WHEN CHRISTINE Lagarde launched her bid to be the new head of the IMF last week, she declared that she would bring to the job all her “experience as a lawyer, a minister, a manager and a woman”.
The first three strands of her experience are self-explanatory – and formidable. But what did Lagarde mean by the fourth? What exactly is her experience as a woman? And how does it make her a better candidate for a job that involves flying round the world rescuing countries that are going down the financial plughole?
The most obvious thing that sorts out a woman’s experience from a man’s is that women bear children. On two occasions, Lagarde has spent the best part of a year with a growing lump in her abdomen and then endured the tricky business of getting it out. For most women this is a very big deal, although it’s not obvious how such an experience sets anyone up for running the IMF.
As children grow up, however, a mother (or, in truth, a father) can find herself doling out pocket money. Human nature being what it is, this often gets blown instantly on sweets, leaving nothing to spend on, say, a sibling’s birthday present. The mother then faces the tricky decision of whether to bail the child out and what conditions to impose on any loan extended.
I can see that dealing with such dilemmas could be relevant to a future head of the IMF, the only difference being one of degree: a greater number of countries requiring rather larger sums.
Beyond that, I am struggling to see how Lagarde’s experience as a woman is going to help. It is possible, however, that her female personality traits may come to the rescue. Women are popularly supposed to be more chary of risk than men and therefore to make safer leaders. Indeed, it may have been Dominique Strauss-Kahn’s wild appetite for risk-taking that did for him.
But this theory about women having a steadier hand on the tiller – much vaunted when Lehman Brothers went under and all sorts of people insisted that Lehman Sisters would have remained afloat – is not altogether borne out by the facts.
Last month, I went to a seminar at which Renee Adams of the University of Queensland gave a paper showing that the women who get to the top aren’t remotely risk-averse – even though the woman in the street may be.
She studied a big group of female Swedish company directors and found that they appeared to be more gung-ho about risk, not merely more than the average woman, but more than their male boardroom colleagues.
However, there is another piece of academic research I came across last week that could be used to help Lagarde’s case.
It shows that when it comes to the intelligence of a group, the presence of women lifts the results, even if the individuals are not particularly brainy.
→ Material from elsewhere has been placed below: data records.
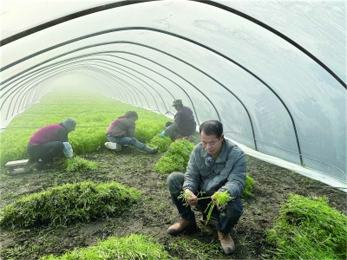 洲磊蔬菜專業合作社的幾名工人正在采收蘆蒿。
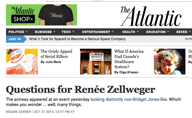 aren’t we still treating renée zellweger differently than we do brad pitt or tom cruise or george clooney? in looking at her face, worrying about her face, tweeting about her face and telling others to look at her face too, aren’t we still holding renée zellweger to a different standard than we hold all of the men in hollywood (with the exception of bruce jenner)?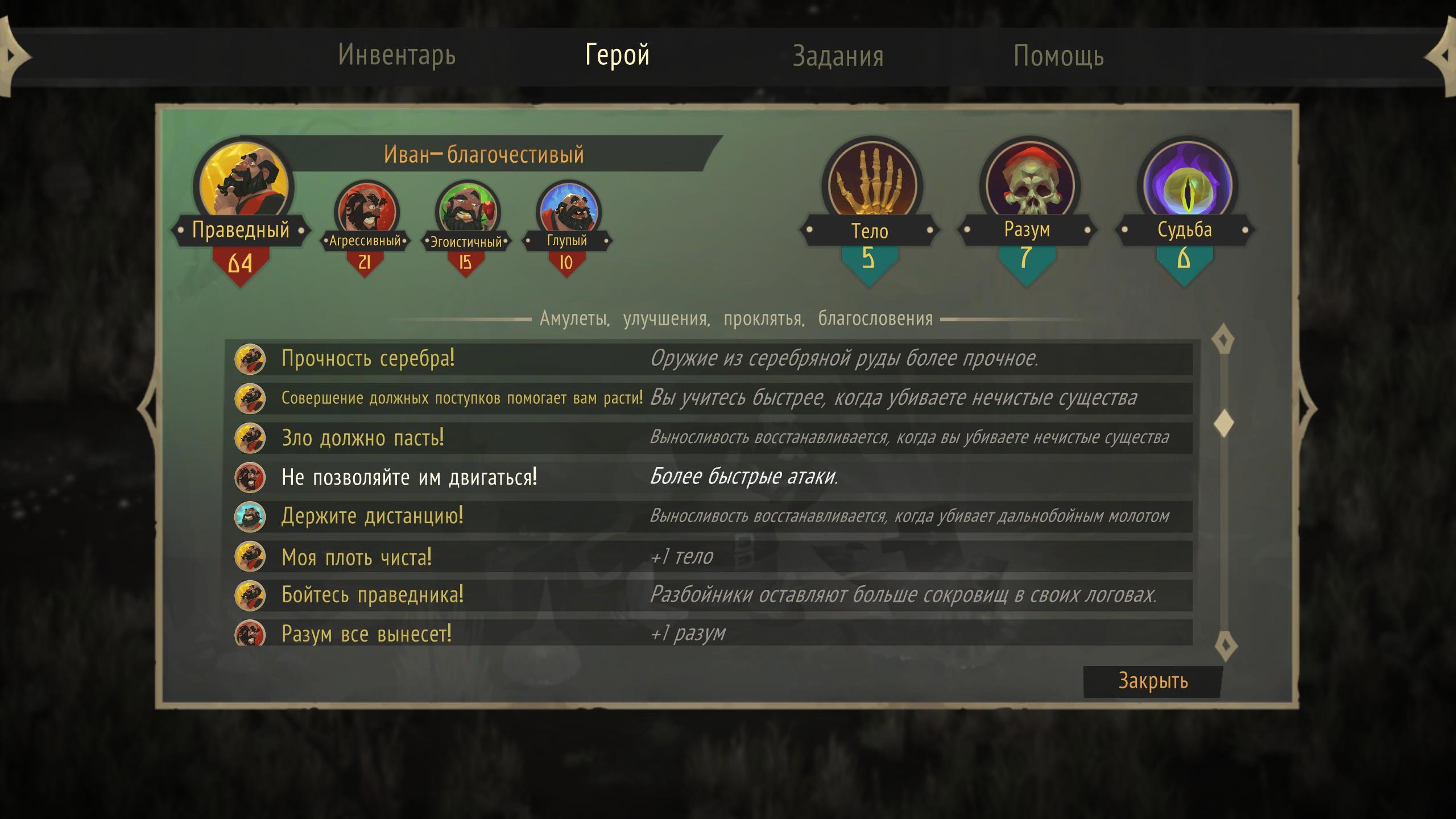 Характеристик у Ивана три: Здоровье, Выносливость и Судьба. Последняя определяет, как скоро заполнится полоса невезения, дарующая большей приход опыта, но гарантирующая сюрприз от Лиха.

The study, by Anita Woolley and Thomas Malone and written up in the latest issue of Harvard Business Review, shows that the more women there are in a group, the more intelligently it performs.
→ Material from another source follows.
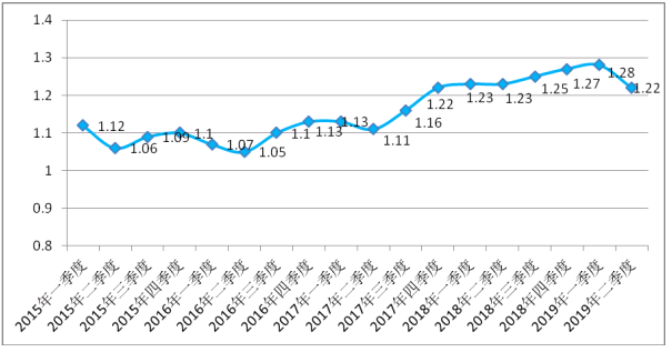 图1:2015年二季度-2019年二季度岗位空缺与求职人数比率变化趋势

If this is right, it suggests it might not matter terribly if Lagarde isn’t the best economist in the world – as various commentators have unkindly suggested – and not a patch on her predecessor. The ability of the IMF as a group could still, under this theory, rise under her leadership.
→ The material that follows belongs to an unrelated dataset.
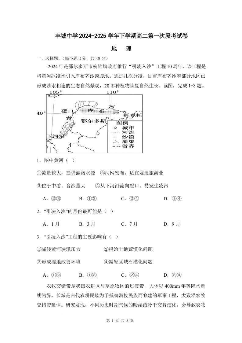 江西省丰城中学2024-2025学年下学期3月高二第一次段考地理+答案

Yet there are two reasons for taking the findings with a large pinch of salt. First, any piece of work with a peculiar-sounding conclusion for which no decent explanation can be found is likely to be wrong.
It is even more likely to be wrong when the upshot supports a fashionable cause. Indeed, if the study had shown that groups with lots of women in them were more stupid than the average, I bet the researchers would have been sent back to the drawing board. I doubt if the results would have been written up admiringly in the HBR.
Which brings me to the real reason why playing the female card works. It has nothing to do with Lagarde’s experience of being a woman, her feminine personality traits or group dynamics. It is the simple fact of her gender.
This is the best time there has ever been to be a woman with talent, charm and an appetite for advancement.
Nearly all organisations are hungry to have them and none, surely, hungrier than the traumatised IMF.
Given the alleged female- unfriendly circumstances under which Strauss-Kahn crashed out of office, the appointment of a woman to the top job would not merely seem like a triumph for diversity.